Yeah, those guys with the tall stacks need tall doorways! That's actually the same plan size as I am contemplating. The shed will be in view from the house, but downslope some, so maybe I can get away with a 16-foot sidewall. I have to get out there with some stakes and some bamboo poles and mock it up!

On the aesthetics, I can't get crosswise with SWMBO (She Who Must Be Obeyed).

Can a doorway EVER be too high or too wide?

I was thinking of putting the big sliding doorway in the center of an endwall, but on narrow buildings (less than 40 feet wide) the pitch on the roof tends to limit an endwall's doorway height and width - you don't want the tops of the doors higher than the roof line when the doors are open! And, it just looks goofy to have the outer ends of the door track hanging out there in space.
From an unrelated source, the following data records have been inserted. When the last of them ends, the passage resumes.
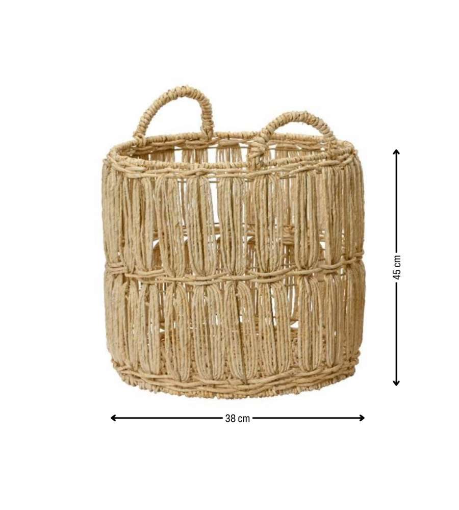 Descrizione: Cesta grande in fibra di mais, colore naturale. Con manici in corda intrecciata, misura 38x45 cm, perfetta per decorare gli interni con stile. Rifinita a mano, resistente e versatile.
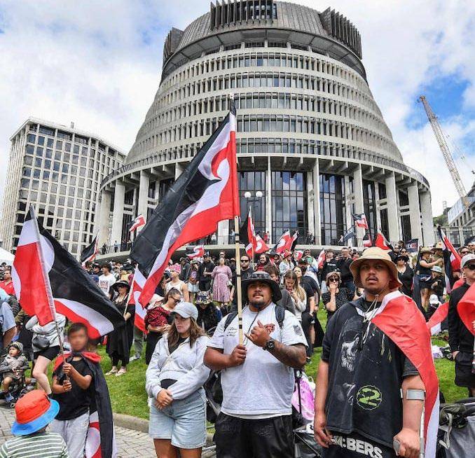 El motivo de la protesta es una propuesta de ley de un partido que quiere redefinir el Tratado de Waitangi del siglo XIX entre los colonos europeos y los líderes maoríes
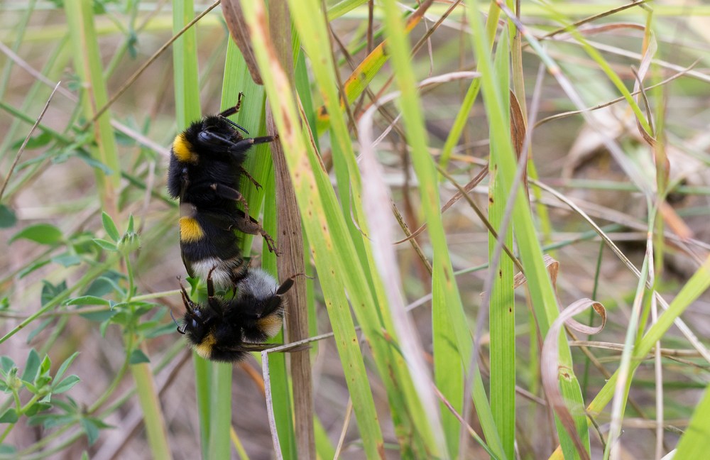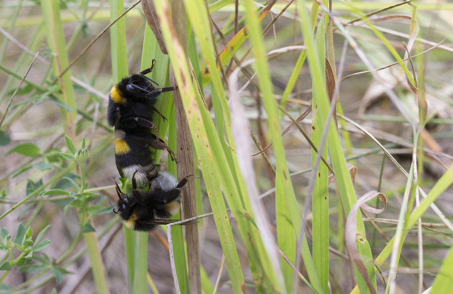 Mörk jordhumla, ovanligt att få se humlor som parar sig.
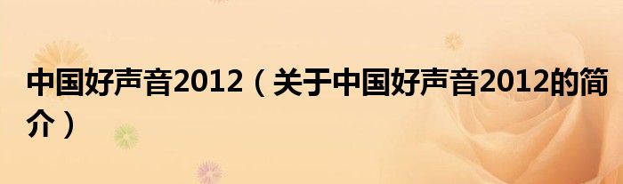 本文關(guān)于中國好聲音2012的簡介就講解完畢,希望對大家有所幫助。
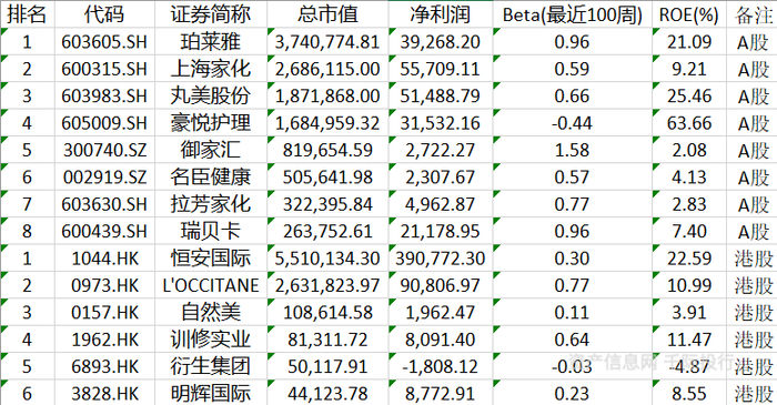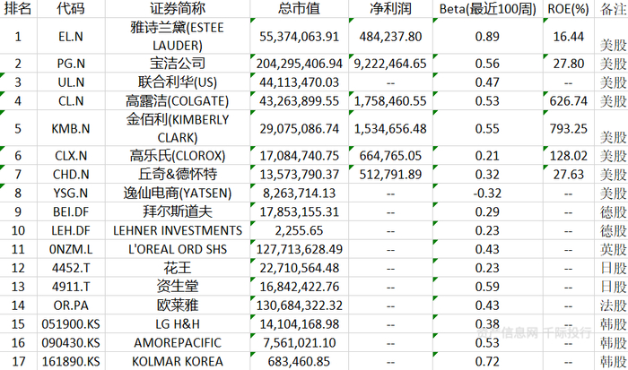 ▷ 雅诗兰黛 (ESTEE LAUDER)[EL.N]:雅诗兰黛公司是一家生产和销售品牌护肤品、化妆品、香水和护发产品的公司。旗下品牌包括雅诗兰黛、Aramis、倩碧、悦木之源、魅可、芭比波朗、海蓝之谜和Aveda,公司产品远销多个国家和地区。
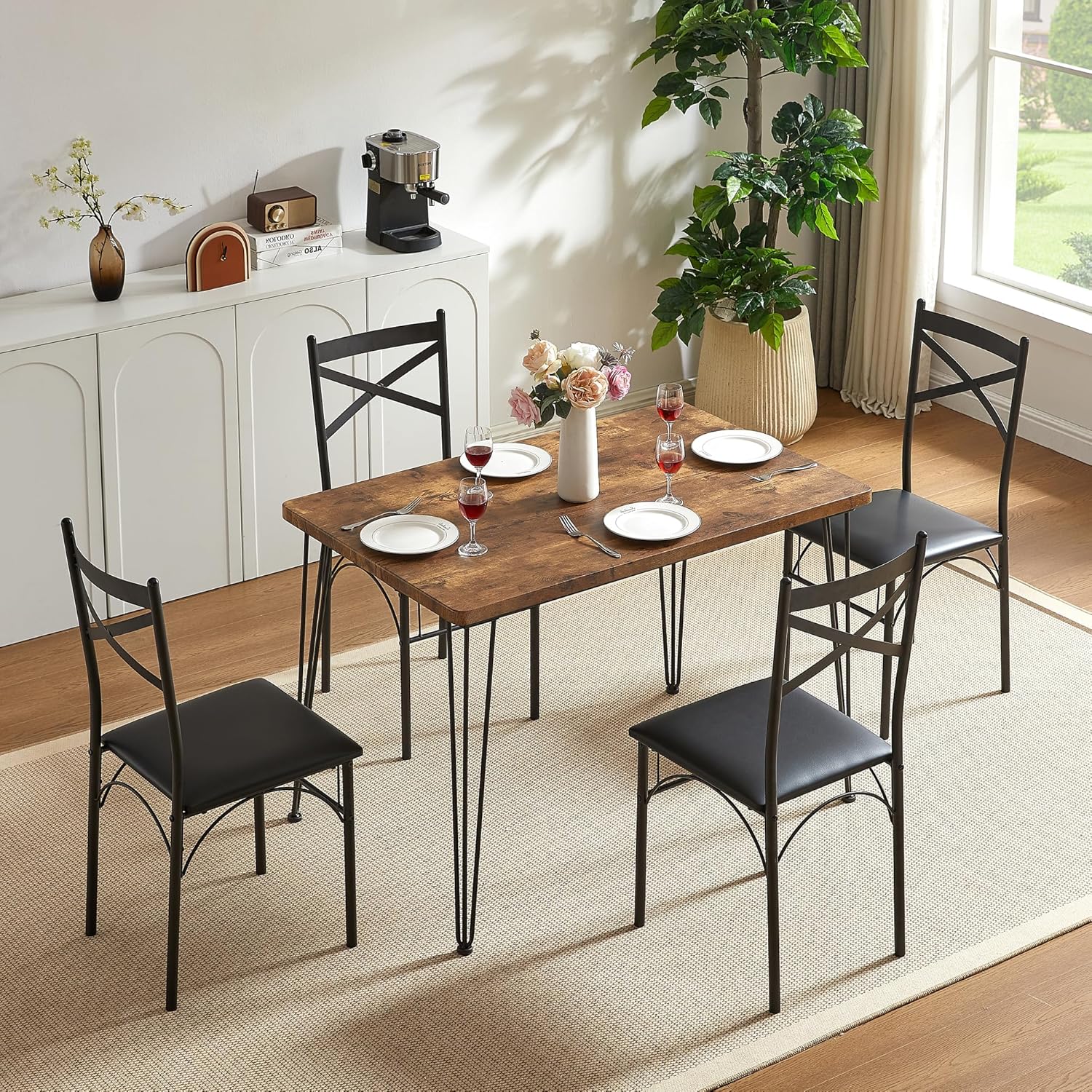 VECELO Kitchen Dining Room Table Set with 4 Chairs for Small Space, Apartment,Metal Steel Frame

On endwalls, we would make two doors meet on the lengthwise CL of the building. Endwall door frame-out is much simpler construction than for sidewall doors. Because on the sidewall, you're limited to a 9 foot-wide door opening and height at least a foot lower than the top of the sidewall, if you don't want to use headers and a stub pole to support the truss-end that would land in the doorway. It's just $$$. To me, 9 feet is too narrow for a sliding door, especially if you're wanting to back something around a corner on the way in. So, I'm gonna put my sliding door in the sidewall. It'll be 12 feet wide, with a clearance of 11 feet of height. That's like a minimal door height, in my mind. I'm going to have to balance the aesthetics of a very tall sidewall and a low doorway in a compromise of both...

Hey, the aesthetics RULE in the downstream marketplace!
And, MUCH more importantly, to SWMBO.